Joel Burns and Lawrence O’Donnell, via Facebook

Your weekday morning blend from Instant Tea:

1. Fort Worth City Councilman Joel Burns and Bianca “Nikki” Peet, a student at Corpus Christi’s Flour Bluff High School, were among those honored Sunday night during the 22nd Annual GLAAD Media Awards in Los Angeles. Burns, husband J.D. Angle and MSNBC host Lawrence O’Donnell accepted the award for Outstanding TV Journalism Segment, for their interview on The Last Word with Lawrence O’Donnell. Meanwhile, the 17-year-old Peet received a Special Recognition Award for her efforts to organize a Gay Straight Alliance at her school. We’ll post more photos from the event as soon as they are available.

2. Who would have thought Oklahoma would be home to the first transgender person elected to lead a statewide Young Democrats group? Trans attorney Brittany Novotny, who challenged bigoted State Rep. Sally Kern in November, on Saturday was elected president of Young Democrats of Oklahoma.

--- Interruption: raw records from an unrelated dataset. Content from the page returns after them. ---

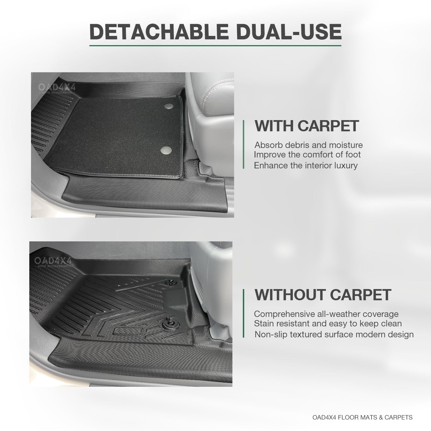 • Dual-layer Advantage: The TPE base provides all-weather protection, while the detachable carpet top adds both comfort and refined style.
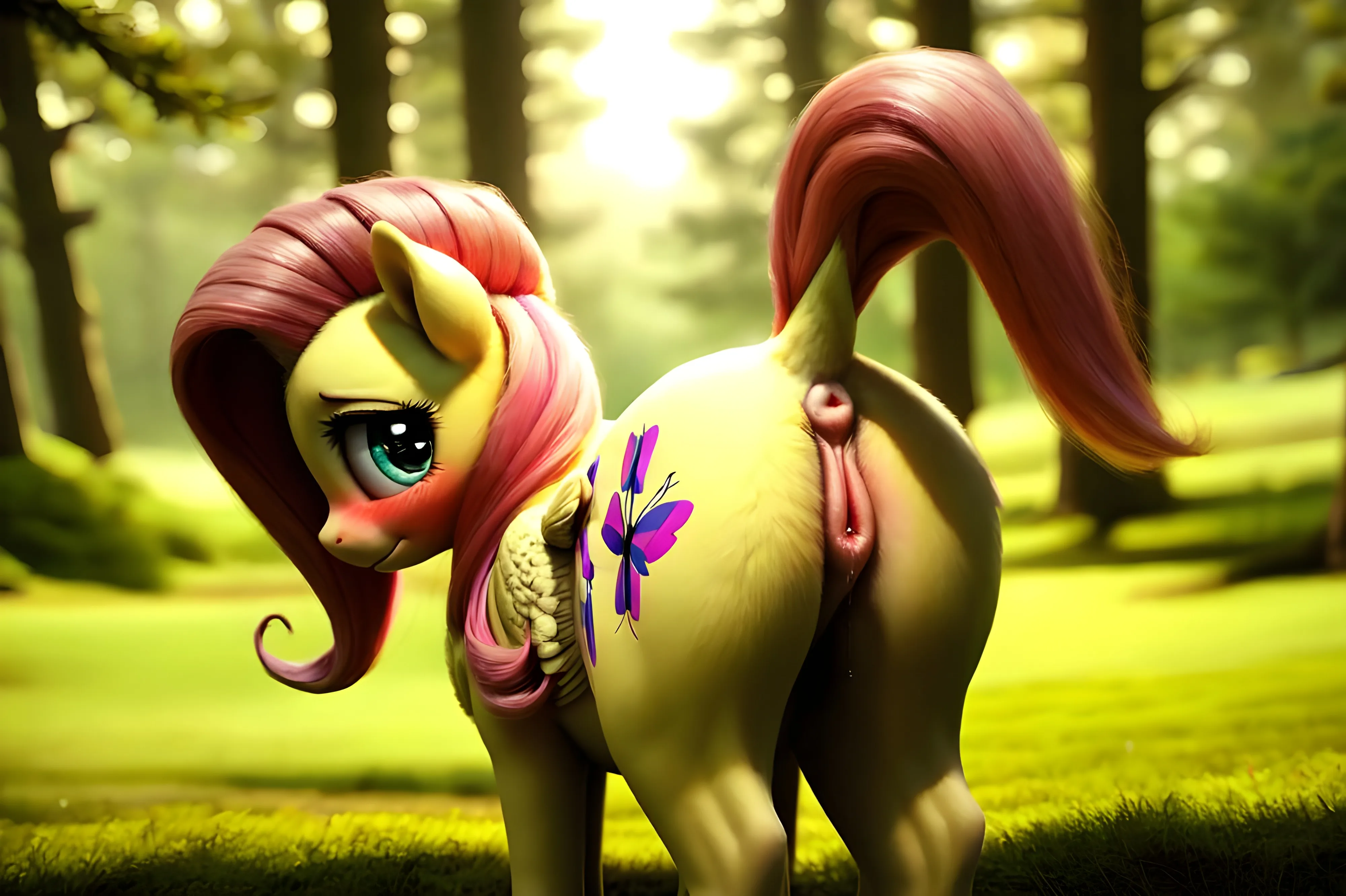 Fluttershy Tease: Raised Tail Reveals Equine Pussy And Teats | Yiff Party
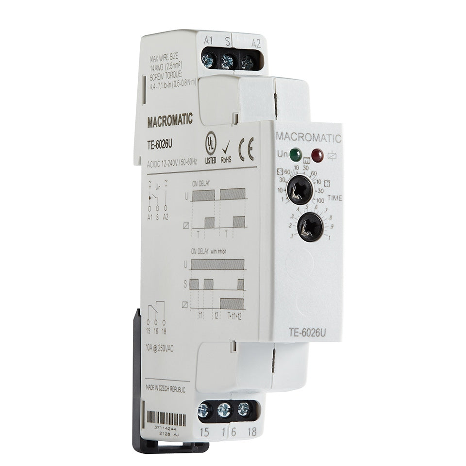 TE-6026U | Timer | ON Delay | 12-125V DC 24-24VAC | 15 amp SPDT | 0.1s - 100 hours | 17.5mm DIN Mount | Macromatic
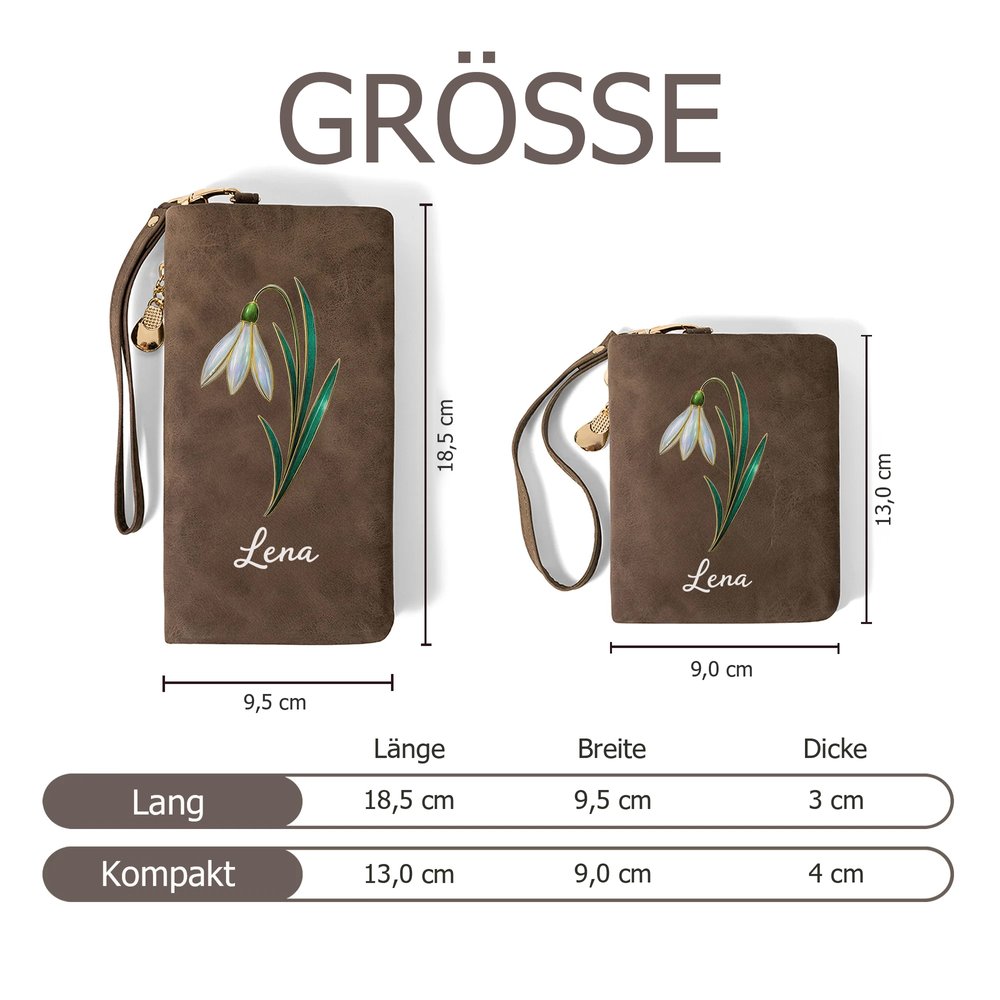 Dieses mehrschichtige Portemonnaie überzeugt durch sein schlichtes und elegantes Erscheinungsbild und kann individuell mit der Geburtsblume, dem Namen des Beschenkten sowie einem dezenten Perlenakzent gestaltet werden. Diese persönliche Note verleiht dem Portemonnaie eine besondere und bedeutungsvolle Ausstrahlung, wodurch es zu einem geschätzten Accessoire wird, das die Individualität seines Trägers stilvoll hervorhebt.
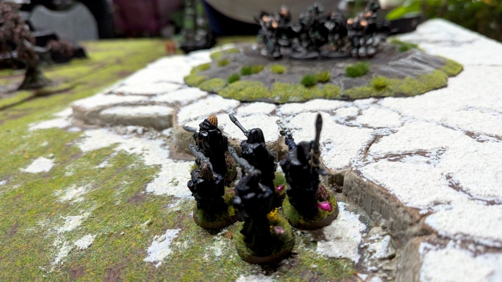 Nachdem der erste Wurf für den Spielbeginn ein Gleichstand mit 6en, holte ich beim zweiten Wurf die Initative für die Angreifer. Cynewulf und ich kamen überein, dass ich Anfange, um meine Weltenläufer zum Einsatz zu bringen. In den vergangenen Spielen waren sie meist abgeschossen worden, bevor sie irgendwas hätten machen können. Auch diesmal standen sie recht ungünstig mehr oder weniger offen, unterhalb der Hügelkante beim großen Krater. Immerhin hatten sie dadurch etwas Deckung. Aber immerhin hatten sie von da aus freies Schussfeld auch den Lord. Allerdings verursachten sie, trotz BF 2+, nur drei Treffer, davon 2 Wunden, die der Lord beide rüstete.
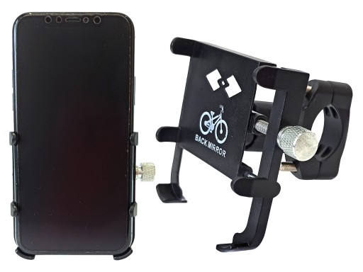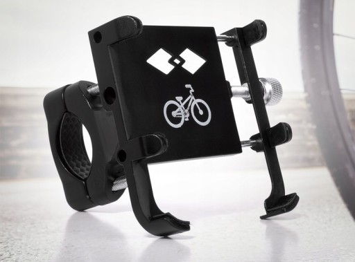Uchwyt na telefon wykorzystuje ten sam sposób jednak przy pomocy jednej śruby i dwóch metalowych prowadnic. Ramię uchwytu wysuwa się w miarę wykręcania śruby pozwalając na umieszczenie w uchwycie telefonów do 100mm szerokośći.
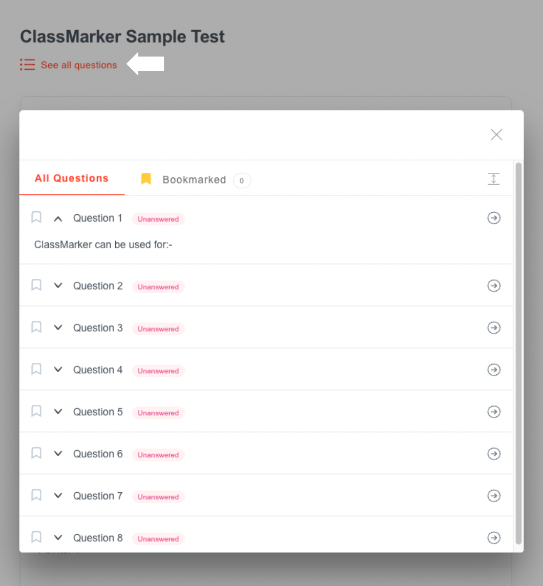 You can show your test users the full list of questions in that test or show questions one by one. Use the full list of questions feature when:

3. Two firefighters in Victoria, Texas have been fired for creating a montage of photos of nude men that was posted at their station. According to The Victoria Advocate, the montage included a scantily clad crotch shot, a shot of one nude man kissing another nude man’s body, a cartoon of two men kissing, a shot of one nude man looming over another with his hands on his shoulders, a bare-chested man,  a shot of a man’s scantly clad rear end, and face shots of two Hollywood actors. The city isn’t releasing details of the incident, other than to say that the employees violated the city’s conduct policy. One expert noted that the incident could be an example of anti-gay harrassment:

“Sometimes in a case where straight people harass homosexual people, it may be an attempt to create an ‘us’ and ‘them’ separation; a clumsy or immature attempt to demonstrate their own ‘straightness’ through not-so-subtle intimidation,” University of Houston-Victoria criminal justice professor Casey Akins told the newspaper. “Straight on gay harassment is under-reported and when it is reported, it is often not necessarily classified as ‘sexual harassment in the workplace.”